# Larger Hex keys and allen keys



## iAmCam (Dec 3, 2007)

Im looking into buying a set of larger hex keys or allen keys that I will be using to tighten and torque larger panels and switchgear with. Whats the best out there? Where can I buy online?


----------



## HARRY304E (Sep 15, 2010)

iAmCam said:


> Im looking into buying a set of larger hex keys or allen keys that I will be using to tighten and torque larger panels and switchgear with. Whats the best out there? Where can I buy online?


Take a look at this...http://www.stanleyproto.com/default...156&strSiteName=PROTO&strDefaultCatalog=PROTO


----------



## racerjim0 (Aug 10, 2008)

I made my own large ones. I cut sections off of the large allen wrenches and put them in sockets with green locktite. I got tired of busting my knuckles using the regular allen wrenches.

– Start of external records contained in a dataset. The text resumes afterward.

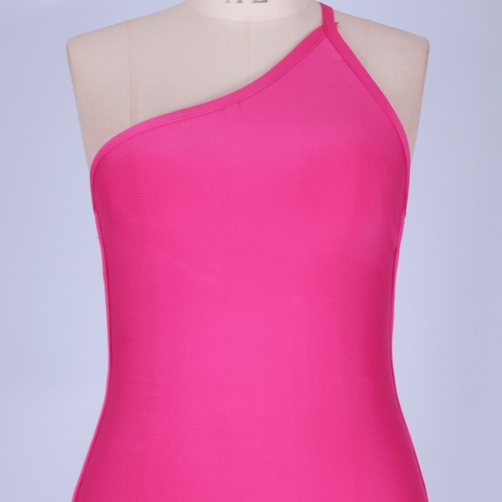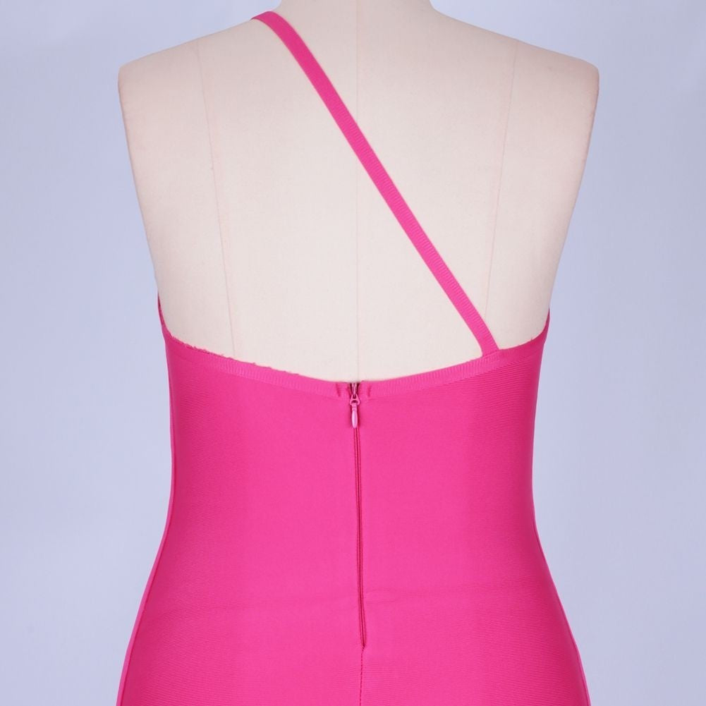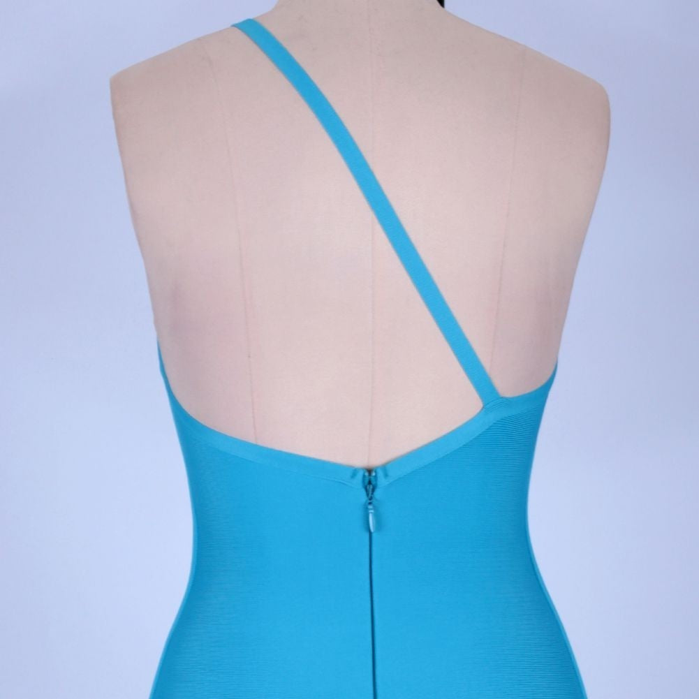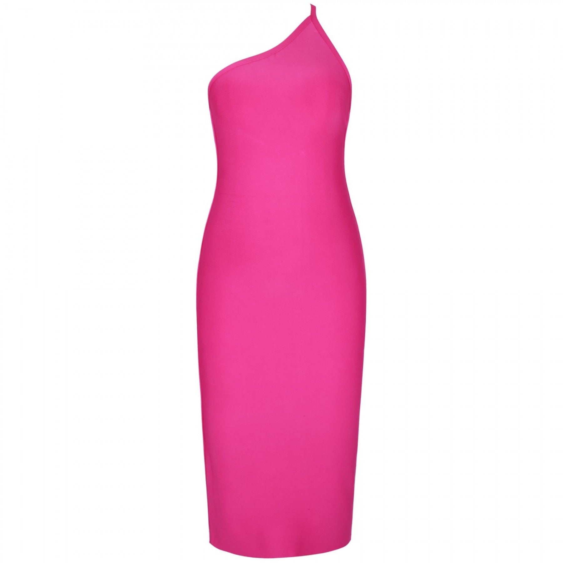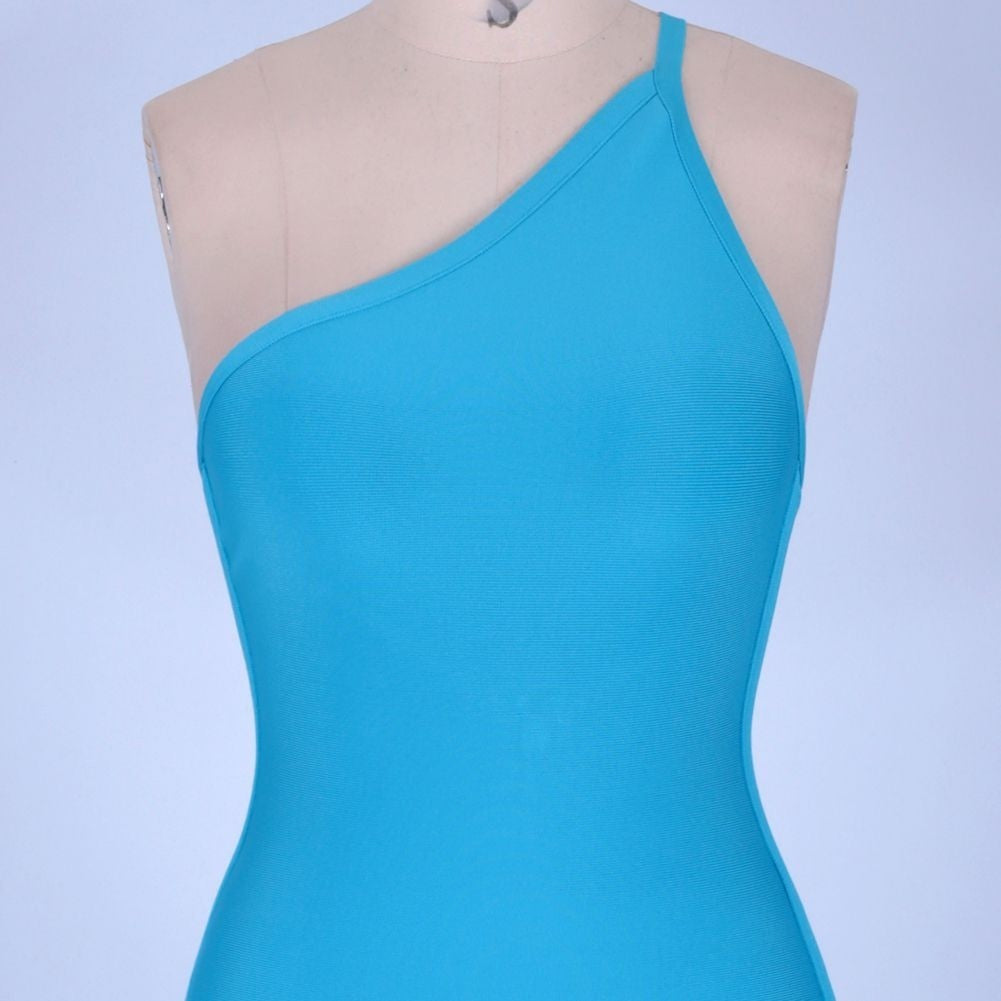 One Shoulder Asymmetrical Midi Bandage Dress PPHK054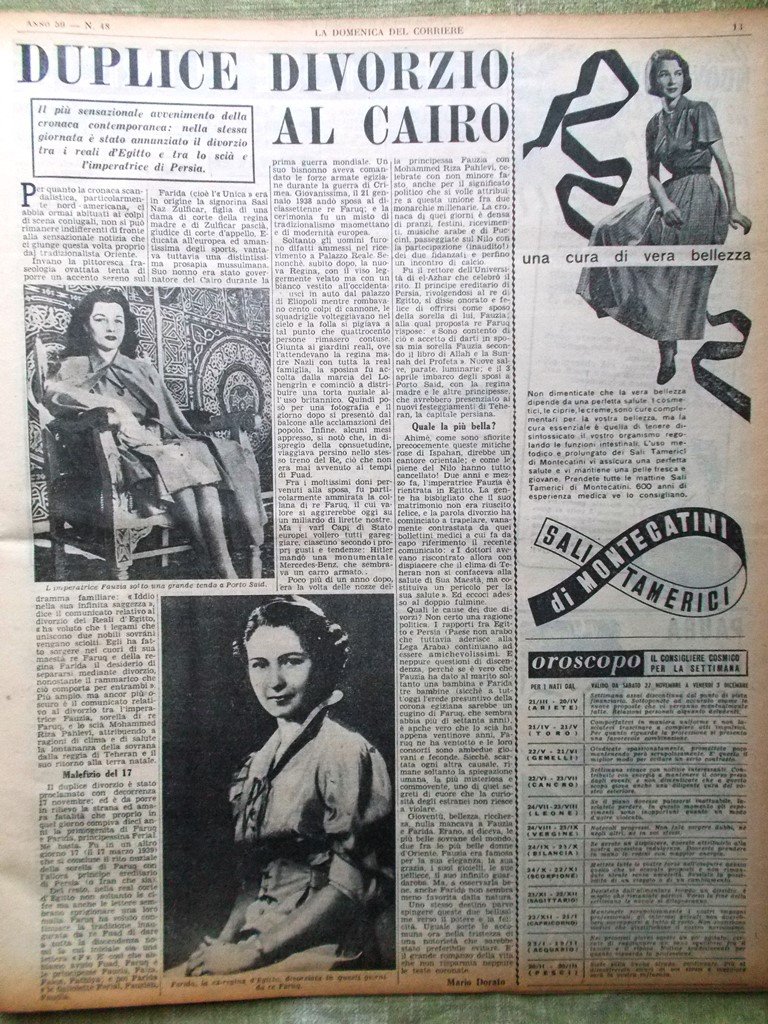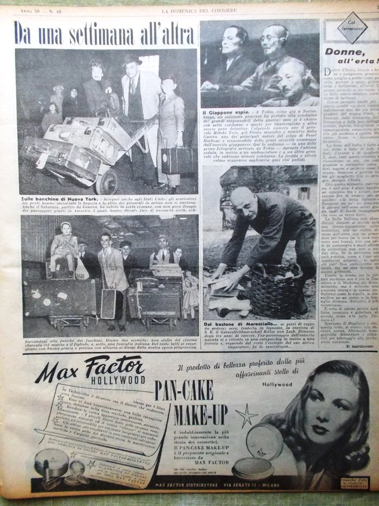 La Domenica del Corriere 28 Novembre 1948 Farida Fauzia Donne Europee Giappone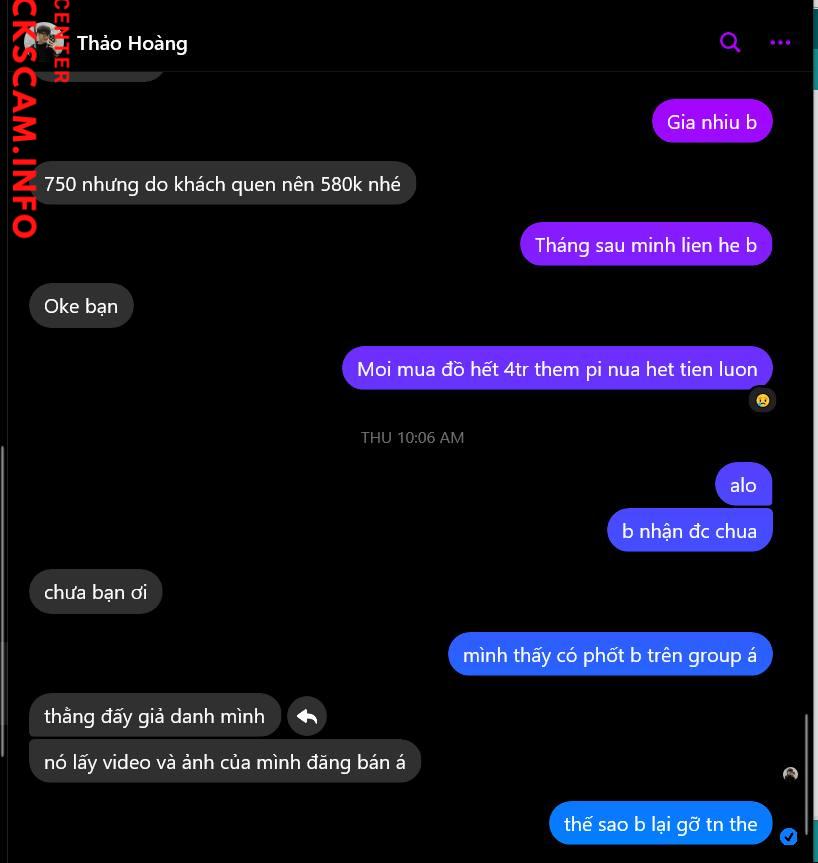 Scammer Alert: Hồ Hoàng Thảo Reported: November 16, 2024 Scammer Information Full Name: Hồ Hoàng Thảo Payment Gate: TP BANK Payment Account: 00000675345 Category: Marketplace scams Source: Checkscam Evidence Files Report Description Thanh niên lừa đảo bán Pi 4 4gb, đặt cọc trước 100k rồi block Comments Your comment Add Comment No comments yet. Be the first to share your experience with this scammer.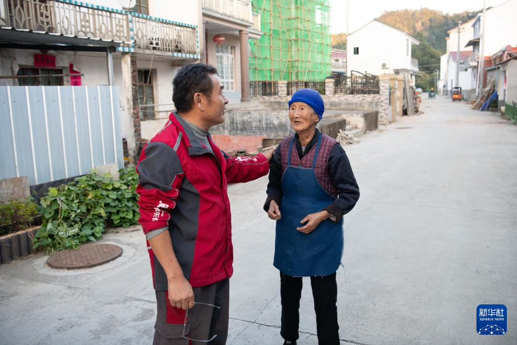 10月24日,在安徽省石臺縣,檀世旺與一位老人交流,提醒其注意道路安全。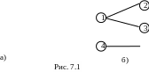 . На рис. 7.1 а) допустимыми множествами являются {1}, {1,2}, {1,2,3}, {1,2,4}, {1,2,3,4}. Множество {2,4} не является допустимым, так как работа 2 опирается на работу 1, не принадлежащую данному множеству.
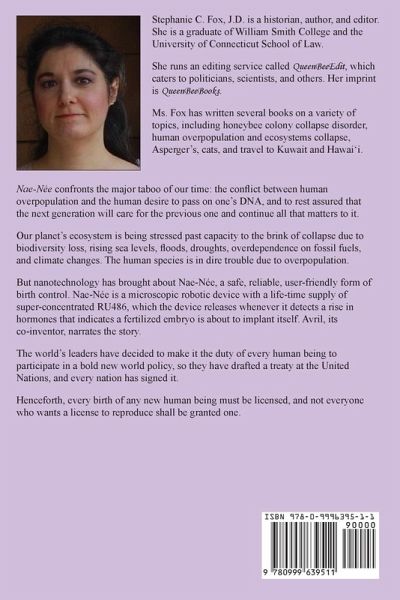 Nae-Née posits a world not unlike our own, as it confronts the major taboo of our time: the conflict between human overpopulation and the human desire to pass on one's DNA and one's culture. Our planet's ecosystem is being stressed past capacity to the brink of collapse due to biodiversity loss, rising sea levels, floods, droughts, overdependence on fossil fuels, and the climate changes that drive all that. In short, the human species is in dire trouble due to overpopulation - its own. No one seems remotely inclined to sacrifice any comfort or control over their habits in order to save the environment and ultimately their own future existence, happiness, or sense of purpose. But there is a significant difference: nanite technology has advanced sufficiently to be of actual, practical use to physicians and scientists. Nae-Née is a safe, reliable, user-friendly form of birth control. It is a microscopic nanite - a little robot. It contains a life-time supply of super-concentrated RU486, which the device releases whenever it detects a rise in hormones that indicates a fertilized embryo is about to implant itself. All that the inventors - a husband-and-wife team - wanted was a convenient form of birth control that would reliably prevent pregnancy without pumping a woman's body full of artificial hormones. Its name literally translates as "not born" and was chosen by Avril, the wife, to reflect her husband's Scottish background and her own French ancestry. The story is told from Avril's point of view, a woman with Asperger's and a professor of women's medical history. The world's leaders have decided to make it the duty of every human being to participate in a bold new world policy, so they have drafted a treaty at the United Nations, and every nation has agreed to sign onto it. This is done on a date that doom-sayers have anticipated with predictions of various - and often unrelated - dire consequences: December 21, 2012. Under the terms of the treaty, all women must have a government-registered Nae-Née device. Henceforth, every birth of any new human being must be licensed, and not everyone who wants a license to reproduce shall be granted one.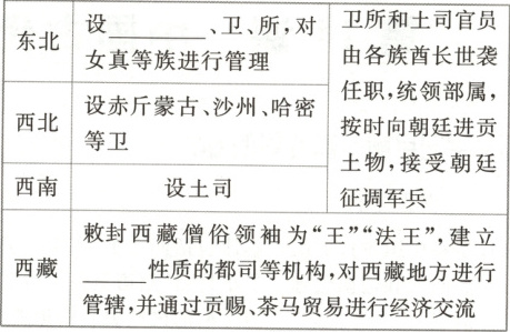 、卫、所,对女真等族进行管理卫所和土司官员由各族酋长世袭任职,统领部属,按时向朝廷进贡土物,接受朝廷征调军兵西北设赤斤蒙古、沙州、哈密等卫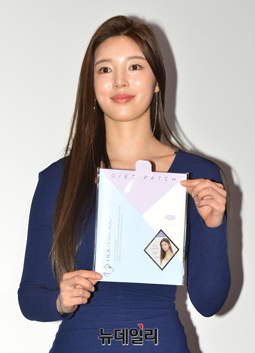 모델 겸 CEO 유승옥이 21일 오후 서울 강남구 CGV청담시네시티에서 열린 '유승옥의 바디메모' 쇼케이스에서 제품 홍보를 하고 있다. '유승옥의 바디메모'는 유승옥이 기획하고, 연구해 지난해 6월에 런칭한 다이어트 코스메틱이다.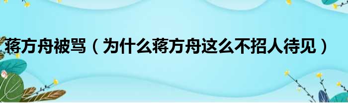 蒋方舟被骂(为什么蒋方舟这么不招人待见)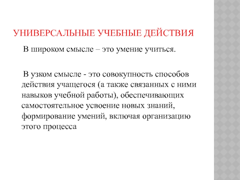 В узком смысле - это совокупность способов действия учащегося (а также связанных с ними навыков учебной работы), обеспечивающих самостоятельное усвоение новых знаний, формирование умений, включая организацию этого процесса
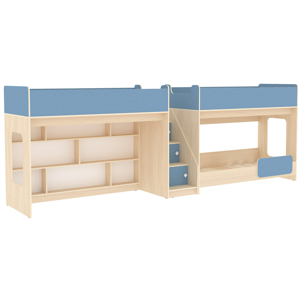 Вы можете купить Трехъярусная кровать КарИВи Л-43.4.2 Дуб Молочный Светло-синий, голубой оптом в нашем магазине, предложим цену с оптовой скидкой.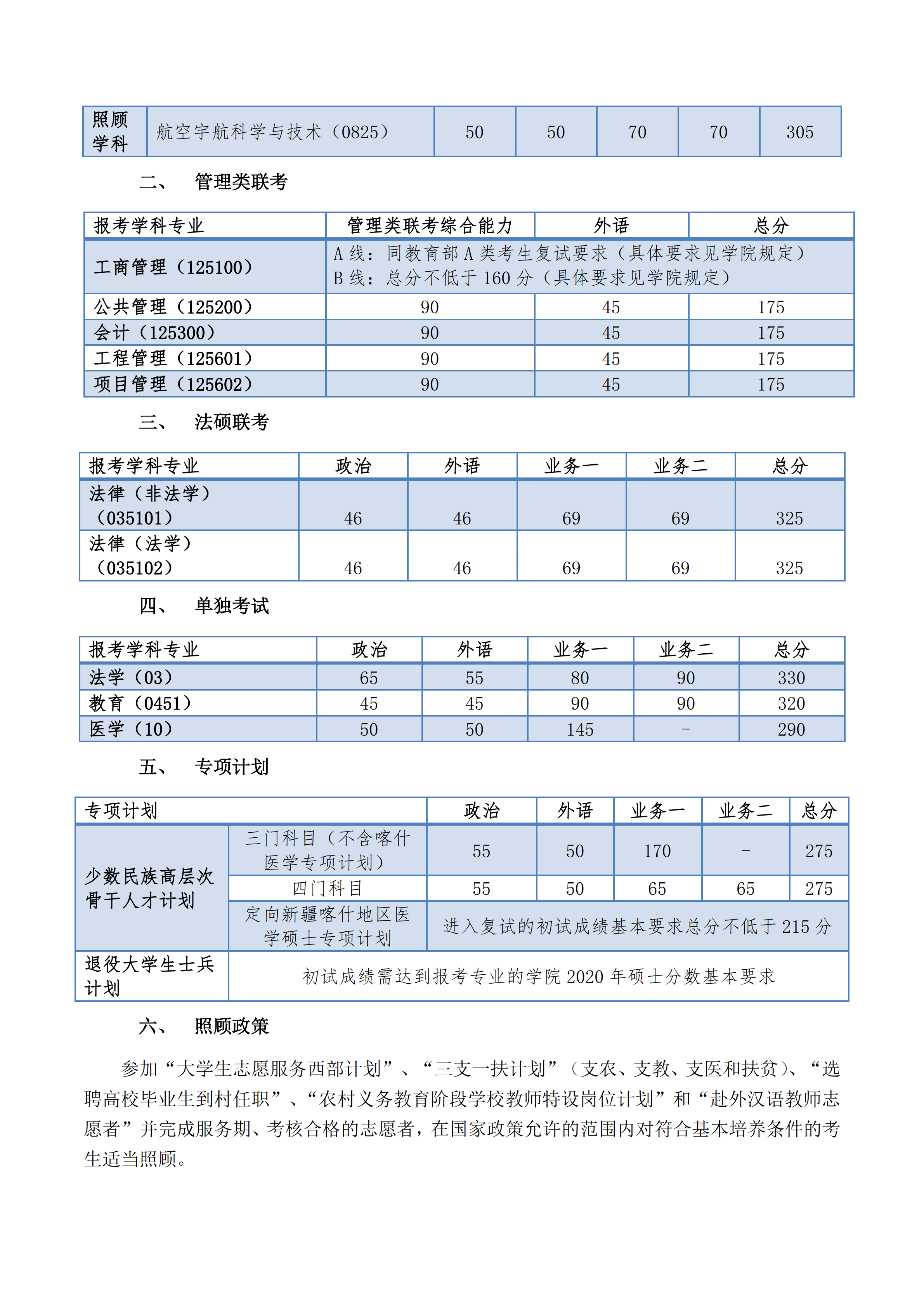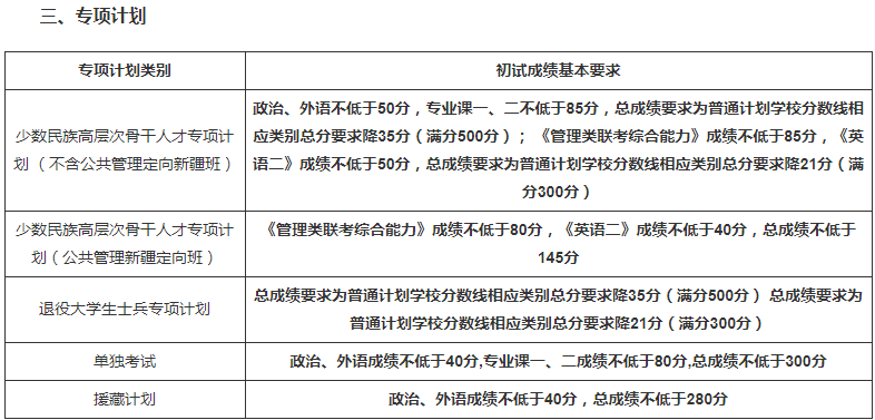 三、专项计划考生的初试成绩基本要求: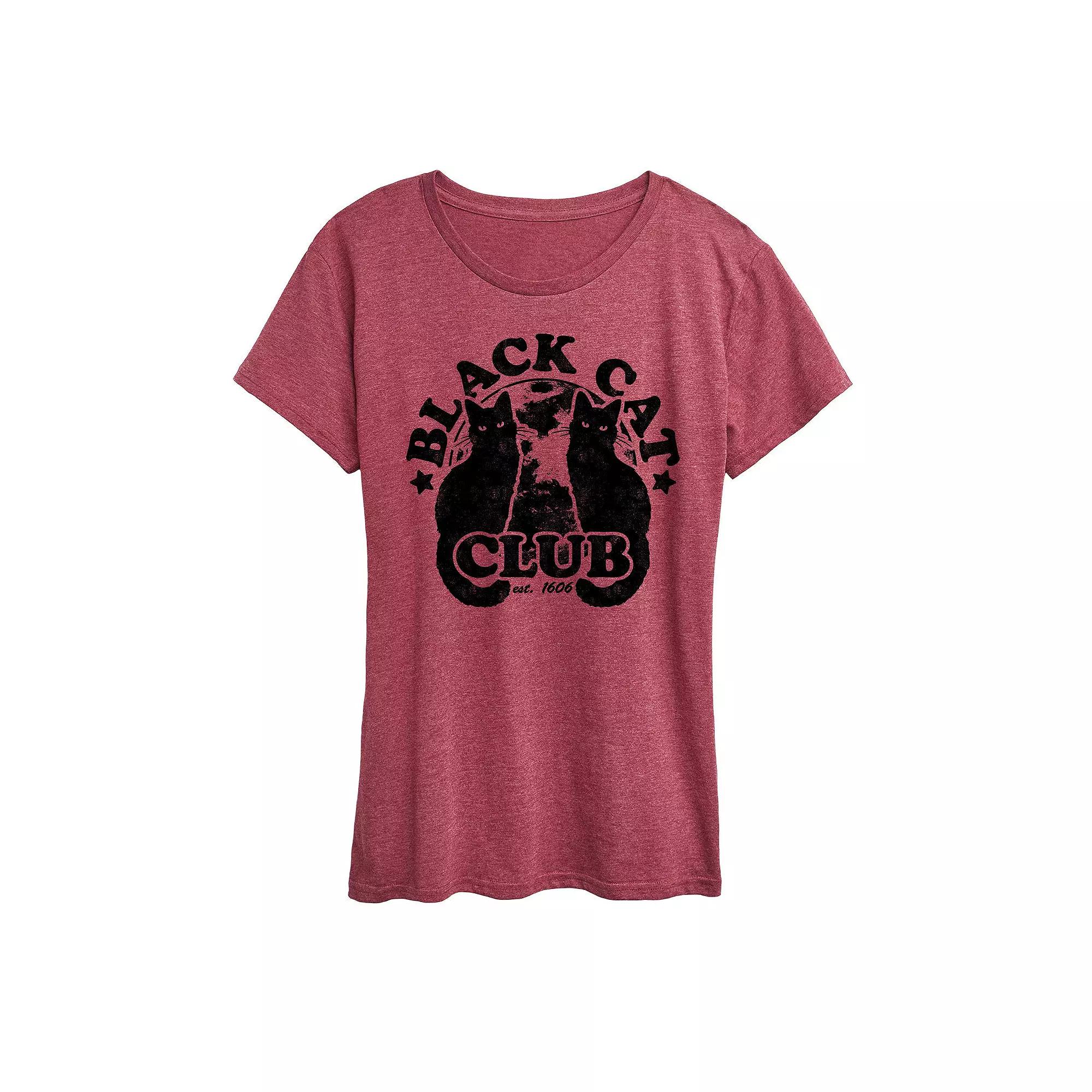 Get ready for spooky season in this womens black cat club Halloween tee. Get ready for spooky season in this womens black cat club Halloween tee. FEATURES Short sleeves CrewneckFABRIC & CARE Solid: cotton; Heather: cotton, polyester Machine wash Imported Size: Medium. Color: Dark Red. Gender: female. Age Group: kids. Pattern: Graphic.

I don't recall seeing sets of the larger allen sockets.


----------



## kevmanTA (Jul 20, 2010)

Find a whole saler that caters to Tool and Die, that sells cutting heads, and measuring tools, they always seem to have the best allen keys..


----------



## randas (Dec 14, 2008)

HARRY304E said:


> Take a look at this...http://www.stanleyproto.com/default...156&strSiteName=PROTO&strDefaultCatalog=PROTO


This is definitely what you need


----------



## HARRY304E (Sep 15, 2010)

randas said:


> This is definitely what you need


Yes that is the best that i have found so far....The good thing is you can put those on a tork wrench..:thumbsup:


----------



## jw0445 (Oct 9, 2009)

I bought a Craftsman 3/8's set many years ago. Reasonably priced as I recall.


----------



## wptski (Jun 30, 2008)

HARRY304E said:


> Take a look at this...http://www.stanleyproto.com/default...156&strSiteName=PROTO&strDefaultCatalog=PROTO


Those are for use with a impact wrench and use a pin with a "O" ring to hold them or tension ring on some impact wrenches. They "may" lack the detent needed to hold them secure with a regular ratchet. They would also cost more than ones made for hand use.


----------



## don_resqcapt19 (Jul 18, 2010)

Often those will be too short to tighten the terminals on larger breakers. If you are going to get a set, I would look for the long ones, or just make your own as suggested by racerjim.


----------